■ RECORDS PROVIDED:
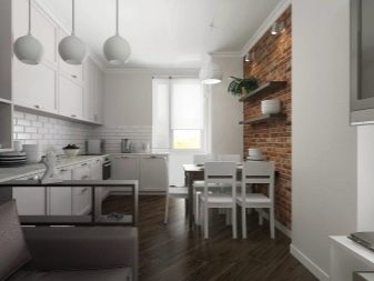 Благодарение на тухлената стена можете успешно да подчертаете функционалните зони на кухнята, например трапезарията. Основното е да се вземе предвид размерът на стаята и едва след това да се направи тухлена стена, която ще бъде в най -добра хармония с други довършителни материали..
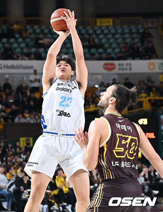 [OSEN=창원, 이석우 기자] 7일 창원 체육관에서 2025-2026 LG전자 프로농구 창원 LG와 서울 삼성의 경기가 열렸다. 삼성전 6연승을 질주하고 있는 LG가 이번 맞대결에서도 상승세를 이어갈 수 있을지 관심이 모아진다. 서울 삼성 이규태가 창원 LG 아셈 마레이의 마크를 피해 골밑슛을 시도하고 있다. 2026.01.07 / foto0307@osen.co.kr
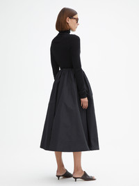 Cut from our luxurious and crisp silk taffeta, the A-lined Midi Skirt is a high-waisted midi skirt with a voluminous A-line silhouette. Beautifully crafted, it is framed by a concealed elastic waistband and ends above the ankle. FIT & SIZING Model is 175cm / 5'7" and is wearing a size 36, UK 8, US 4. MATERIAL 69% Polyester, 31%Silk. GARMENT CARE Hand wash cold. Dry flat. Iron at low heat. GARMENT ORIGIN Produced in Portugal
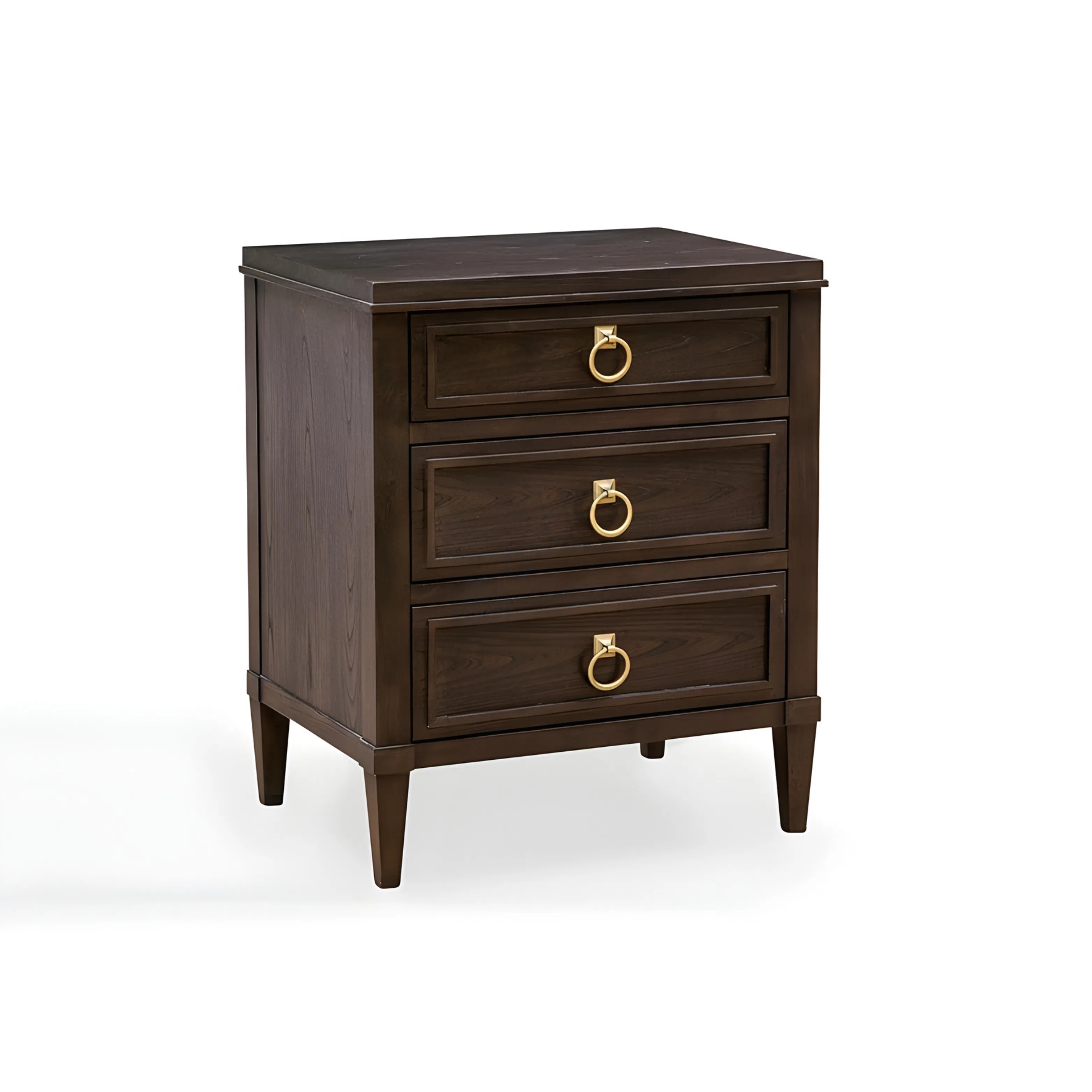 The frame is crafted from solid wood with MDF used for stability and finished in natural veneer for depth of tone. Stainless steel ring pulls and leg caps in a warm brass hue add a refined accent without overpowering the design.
==
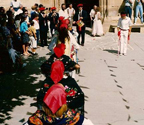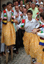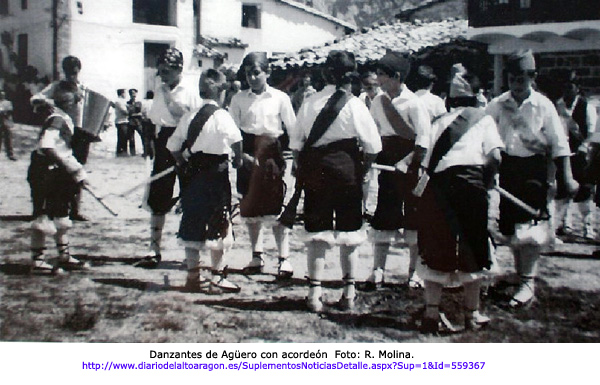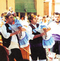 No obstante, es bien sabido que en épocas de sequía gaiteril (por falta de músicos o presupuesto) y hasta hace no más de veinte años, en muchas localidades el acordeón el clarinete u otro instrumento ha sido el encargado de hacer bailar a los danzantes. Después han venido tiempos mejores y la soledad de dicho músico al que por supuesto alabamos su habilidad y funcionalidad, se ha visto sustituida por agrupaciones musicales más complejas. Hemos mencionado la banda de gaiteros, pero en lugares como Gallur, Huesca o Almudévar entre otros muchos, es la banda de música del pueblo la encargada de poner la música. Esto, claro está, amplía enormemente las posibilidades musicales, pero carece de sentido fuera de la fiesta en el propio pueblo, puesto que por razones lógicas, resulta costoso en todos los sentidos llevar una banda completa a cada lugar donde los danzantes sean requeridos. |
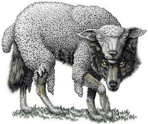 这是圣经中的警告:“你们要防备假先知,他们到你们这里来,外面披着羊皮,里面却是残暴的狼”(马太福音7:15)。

■ TASK DETAILS:
The reply should hold exactly the lines above, starting at the line with "Cut from our" and ending at the line with "The frame is", and no pictures.

■ TASK ANSWER:
 Cut from our luxurious and crisp silk taffeta, the A-lined Midi Skirt is a high-waisted midi skirt with a voluminous A-line silhouette. Beautifully crafted, it is framed by a concealed elastic waistband and ends above the ankle. FIT & SIZING Model is 175cm / 5'7" and is wearing a size 36, UK 8, US 4. MATERIAL 69% Polyester, 31%Silk. GARMENT CARE Hand wash cold. Dry flat. Iron at low heat. GARMENT ORIGIN Produced in Portugal
 The frame is crafted from solid wood with MDF used for stability and finished in natural veneer for depth of tone. Stainless steel ring pulls and leg caps in a warm brass hue add a refined accent without overpowering the design.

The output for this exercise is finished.